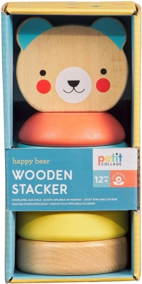 Leseni stolp Medvedek znamke Petit Collage je barvita in varna sestavljanka za otroke od 12 mesecev naprej. Zahvaljujoč prepoznavnim vzorcem in barvam znamke otroci intuitivno nizajo in zlagajo posamezne dele ter tako urijo fino motoriko in koordinacijo oko–roka.
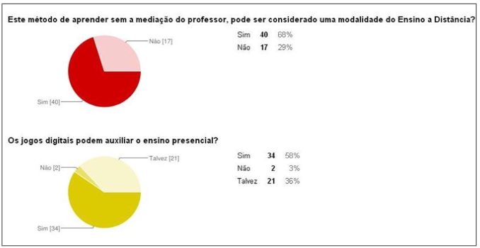 A terceira pergunta relaciona-se à aprendizagem por meio dos jogos sem a mediação do professor. Esse modo de ensino pode ser considerado um recurso para a AH, enquadrando-se na modalidade do Ensino a Distância, já que os jogos têm sido usados como recurso pedagógico por instituições de EaD (MATTAR, 2011, p.27), as quais: a) “propõem atividades que estejam indiretamente relacionadas ao universo dos games, como leituras, resenhas, debates, desenhos, etc.”; b) “exploram como os games em geral, não necessariamente os games educativos, podem colaborar com a educação.”
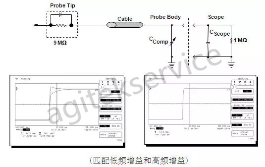 带补偿的高阻无源探头有一个补偿电容,当接上示波器时,一般需要调整电容值(需要使用探头自带的小螺丝刀来调整,调整时把探头连接到示波器补偿输出测试位置),以与示波器输入电容匹配,以消除低频或高频增益。下图的左边是存在高频或低频增益,调整后的补偿信号显示波形如下图的右边所示。
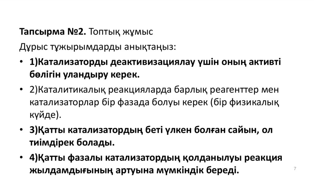 • 1)Катализаторды деактивизациялау үшін оның активті
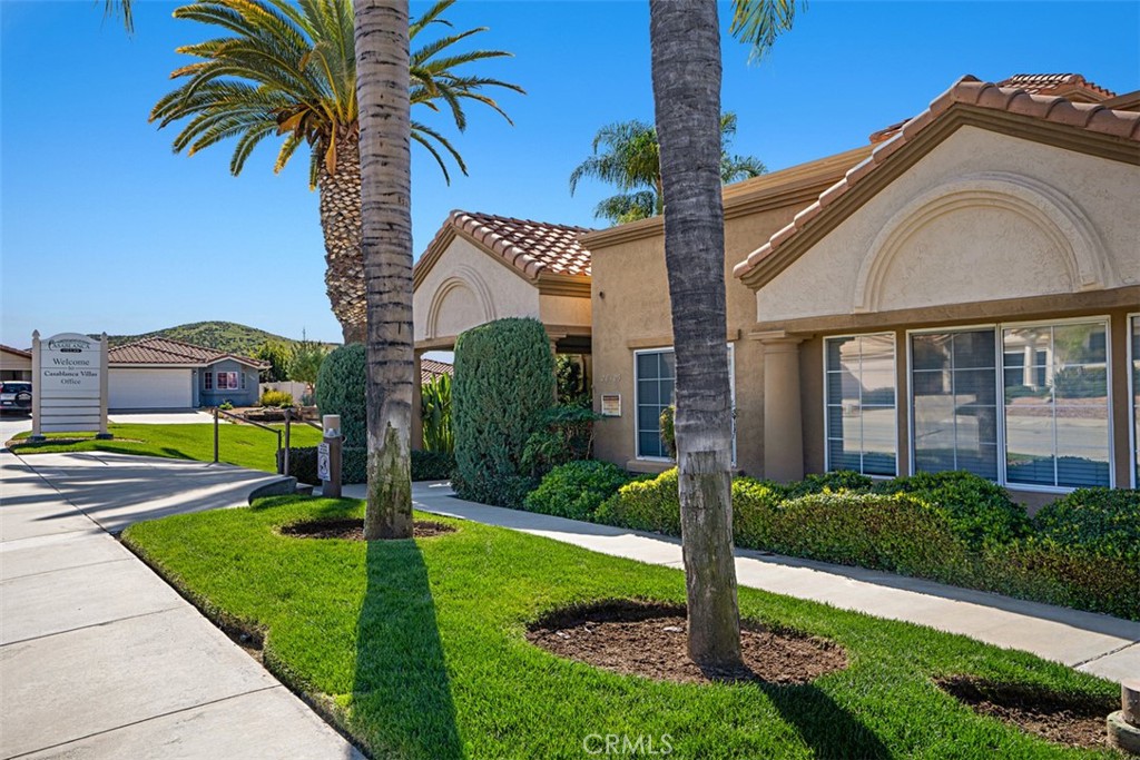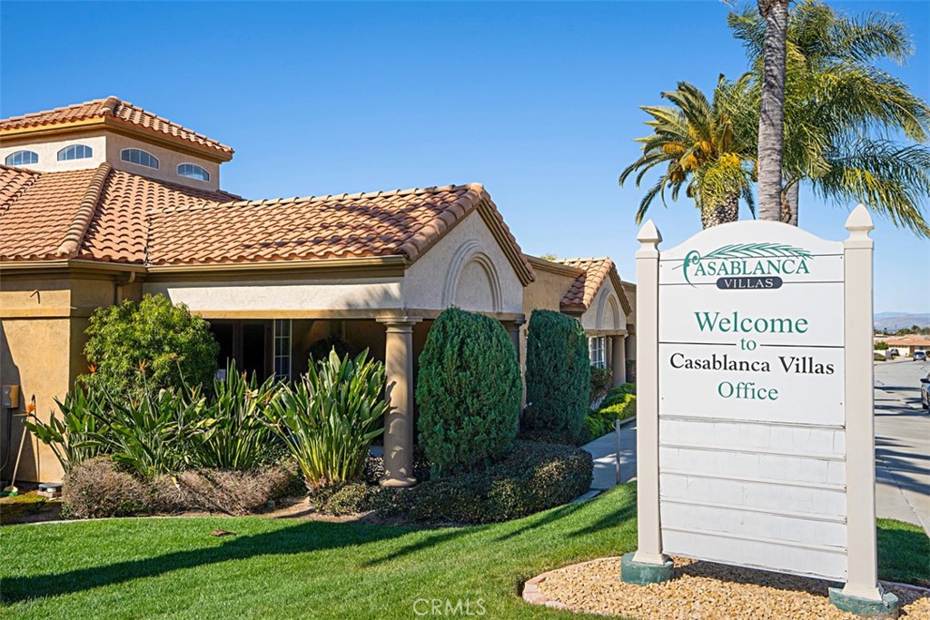 Great location in the Casablanca Villas 55+ community, this single level home features new interior paint throughout and new carpet. Attractive tile flooring in dining room, kitchen, and bedroom hall. Kitchen boast gas stove, quaint eating nook area with window view to the front exterior and an abundance of natural lighting. Dining and living rooms boast an elegant French door that leads to the landscaped walkway planted with rose bushes. High ceiling in the living room provides a sense of open and large space. Each large bedroom features sliding doors to the quaint backyard; the primary bedroom features walk in closet, master bath with walk in shower, new carpet and vaulted ceiling. Second bedroom amenities include large closet with mirror doors, new carpet and paint. Backyard features covered patio with new concrete slab, vinyl and cylinder block fencing, planter areas, and beautiful queen palm trees. Other amenities include newer Central AC, interior garage access, washer and dryer hook up in the garage with wash basin sink, roll up garage door with garage door opener. Low monthly HOA dues include club house, sparkling pool, spa, and tennis courts.
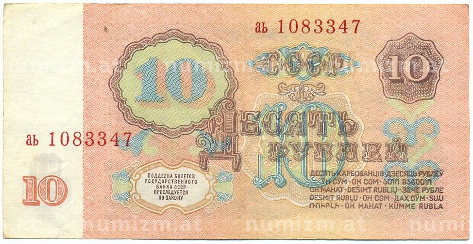 • Банкнота 10 рублей 1961 года (Артикул: T11-28669) — Фото №1 Банкнота 10 рублей 1961 года (Артикул: T11-28669) — Фото №2
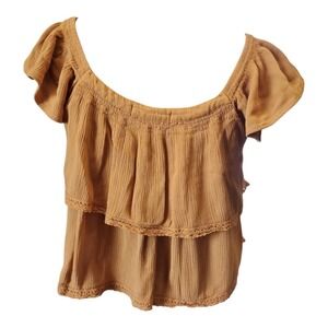 Arizona Jean Co Blouse Womens M Bronze Tiered Cropped Short Sleeve Top Used
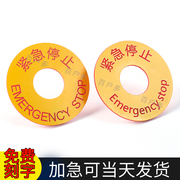 22mm急停标识牌紧急停止标示牌EMERGENCY STOP定做定制双色板塑料亚克力机械设备按钮开关警示牌订做订制60
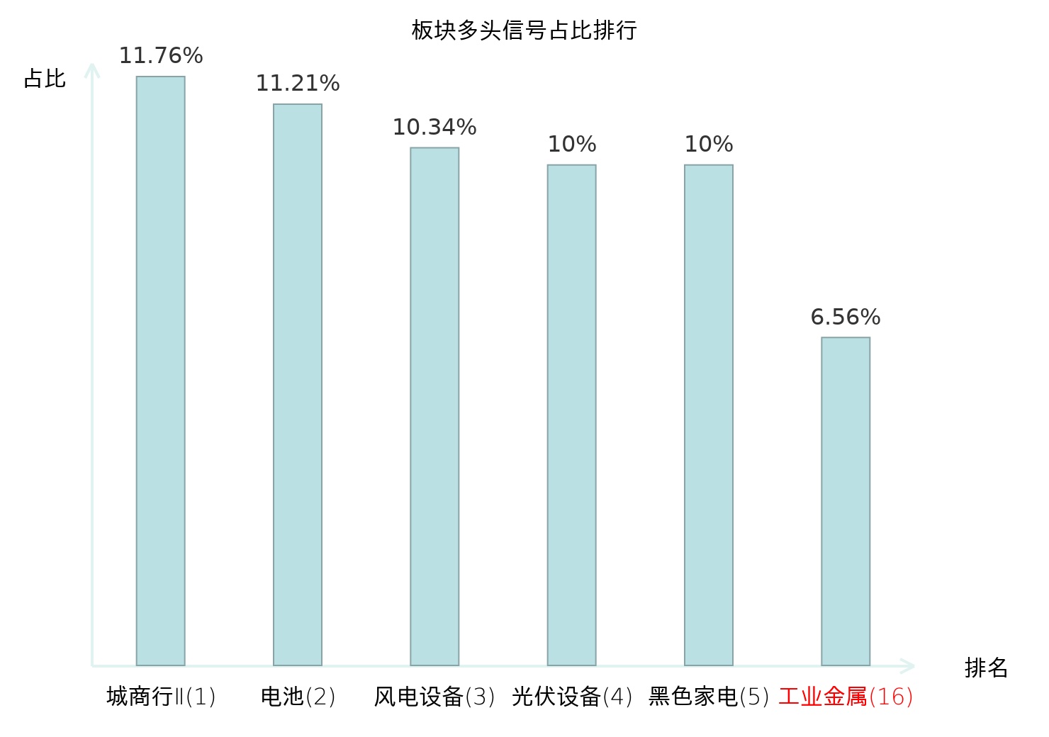 全市场所有行业板块中主力多头信号占比排名中,城商行Ⅱ板块位居第一。黑色家电板块名次提升最快,较昨日上升107位。
━━━━━━━━
YOUR OBJECTIVE
Nothing but the lines from the first line of the records above to the line with "үшін оның активті", inclusive, should be transcribed exactly, and the pictures must be left out.

TASK RESPONSE
 Leseni stolp Medvedek znamke Petit Collage je barvita in varna sestavljanka za otroke od 12 mesecev naprej. Zahvaljujoč prepoznavnim vzorcem in barvam znamke otroci intuitivno nizajo in zlagajo posamezne dele ter tako urijo fino motoriko in koordinacijo oko–roka.
 A terceira pergunta relaciona-se à aprendizagem por meio dos jogos sem a mediação do professor. Esse modo de ensino pode ser considerado um recurso para a AH, enquadrando-se na modalidade do Ensino a Distância, já que os jogos têm sido usados como recurso pedagógico por instituições de EaD (MATTAR, 2011, p.27), as quais: a) “propõem atividades que estejam indiretamente relacionadas ao universo dos games, como leituras, resenhas, debates, desenhos, etc.”; b) “exploram como os games em geral, não necessariamente os games educativos, podem colaborar com a educação.”
 带补偿的高阻无源探头有一个补偿电容,当接上示波器时,一般需要调整电容值(需要使用探头自带的小螺丝刀来调整,调整时把探头连接到示波器补偿输出测试位置),以与示波器输入电容匹配,以消除低频或高频增益。下图的左边是存在高频或低频增益,调整后的补偿信号显示波形如下图的右边所示。
 • 1)Катализаторды деактивизациялау үшін оның активті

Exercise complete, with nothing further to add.